In a regular $n$-gon, we are allowed to connect any pair of non-adjacent points by a continuous curve. The curve cannot intersect any other curve or side except at endpoints, but can lie outside the polygon. What is the largest number of pairs that we can connect in this way?
If all curves are required to be segments (which would correspond to diagonals), it is known that after drawing $n-3$ diagonals, the polygon is divided into triangles and no further diagonal can be drawn.
On
If you can use curves outside of the polygon then the problem would be the same as joining non-adjacent vertices on a spherical polygon. You can do it on the "outside" and the "inside", and get a maximum of $2(n-3)$ joins and at that point the sphere is divided into topological triangles and no further join is possible.

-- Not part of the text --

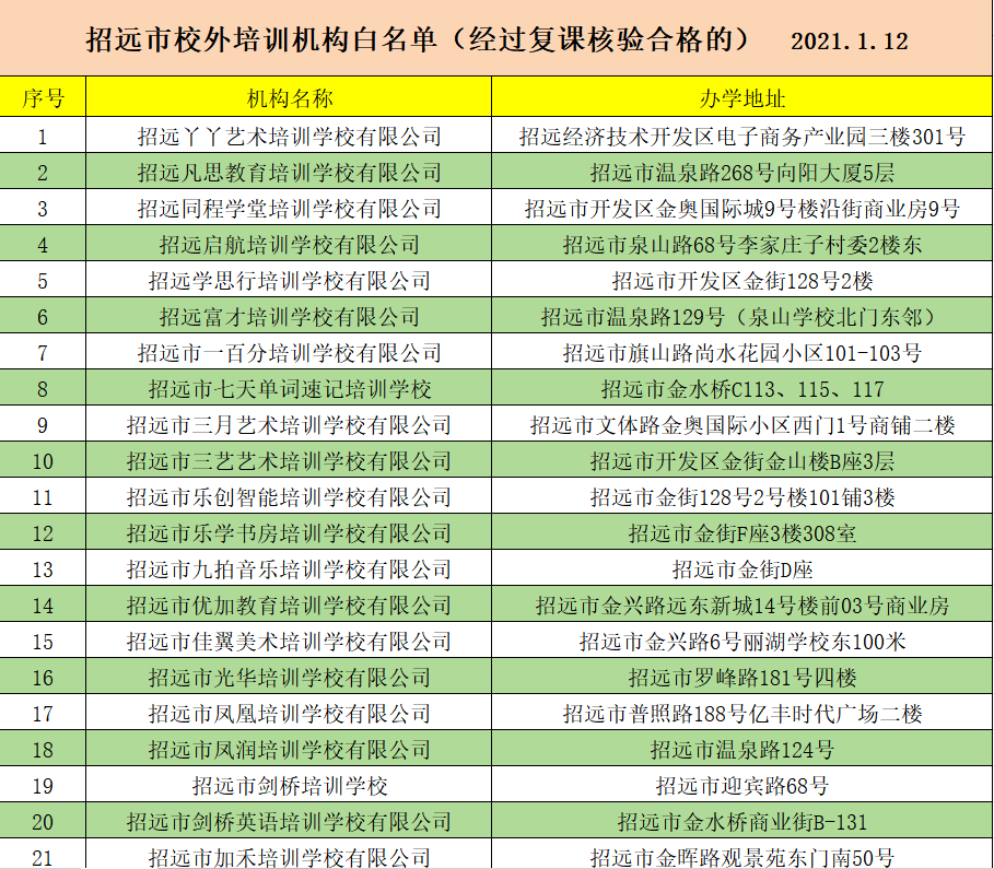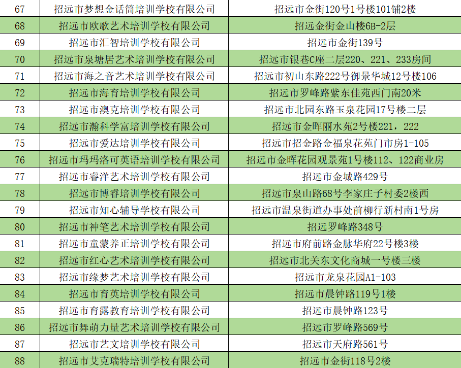 二.選擇合法培訓機構(gòu),認真查看辦學資質(zhì)。家長應(yīng)選擇證照齊全并且經(jīng)過核驗合格的培訓機構(gòu)參加學習。目前我市共有證照齊全的校外培訓機構(gòu)131所,經(jīng)過核驗合格可以開課的培訓機構(gòu)120所(名單附后)。希望各位家長不要送孩子到無證的培訓機構(gòu)參加培訓,許多無證的非法培訓機構(gòu)往往存在有安全隱患、培訓質(zhì)量無法保障、退費難等問題。

You still have to use curves, as opposed to straight lines (i.e. geodesics/great circles), because sometimes the geodesic lines will be forced to cross. See Joseph O’Rourke's Computational Geometry Column 51 for an illustration of how geodesics don't work.

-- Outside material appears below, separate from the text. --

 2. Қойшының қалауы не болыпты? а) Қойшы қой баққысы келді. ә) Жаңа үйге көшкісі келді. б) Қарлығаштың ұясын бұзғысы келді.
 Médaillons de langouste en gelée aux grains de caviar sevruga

Here is a graph-theoretic proof that you can draw at most $2(n-3)$ diagonals. Let $G$ be a graph whose vertices are the $n$ vertices of the polygon and whose edges are the sides and the curves we draw. Suppose $G$ has $m$ edges (therefore, the number of diagonal curves drawn is $m-n$). Let $f$ denote the number of connected regions inside and outside the polygon (both bounded and unbounded regions).

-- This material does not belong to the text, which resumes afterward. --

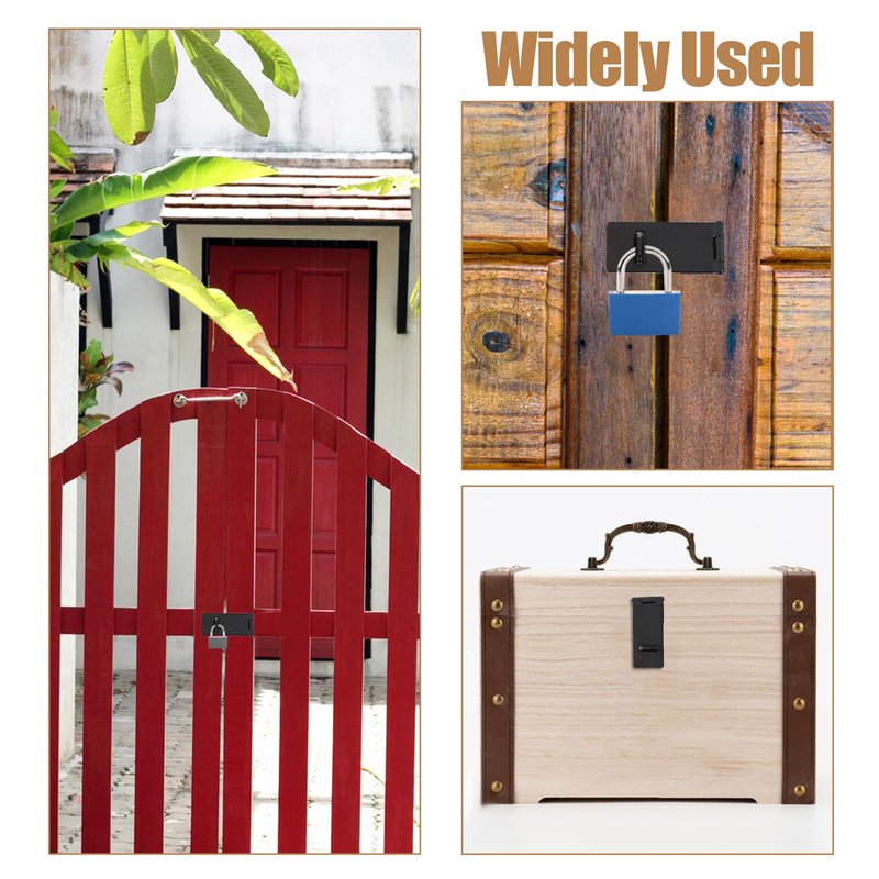 - Versatile Application: With its universal design, this 3 inch lock hasp is suitable for a wide range of uses. Whether it's securing doors, chests, cabinets, wooden wickets, windows, fences, kennels, or even bathroom and bedroom fixtures, our padlock latch offers reliable protection in any setting.

Note that $G$ is a planar graph. By Euler's Formula, $$n-m+f=2\,.$$ Now, each connected region has a boundary formed by at least three edges. Each edge borders exactly two regions. Thus, $$3f\leq 2m\text{ or }f\leq \frac{2}{3}\,m\,.$$ Hence, $$2=n-m+f\leq n-m+\dfrac{2}{3}\,m=n-\frac13\,m\,.$$ This means $$m\leq 3(n-2)=3n-6\,.$$ Hence, $$m-n\leq (3n-6)-n=2n-6=2(n-3)\,.$$ It is easy to see that $2(n-3)$ segments can be drawn. See brainjam's answer for an example.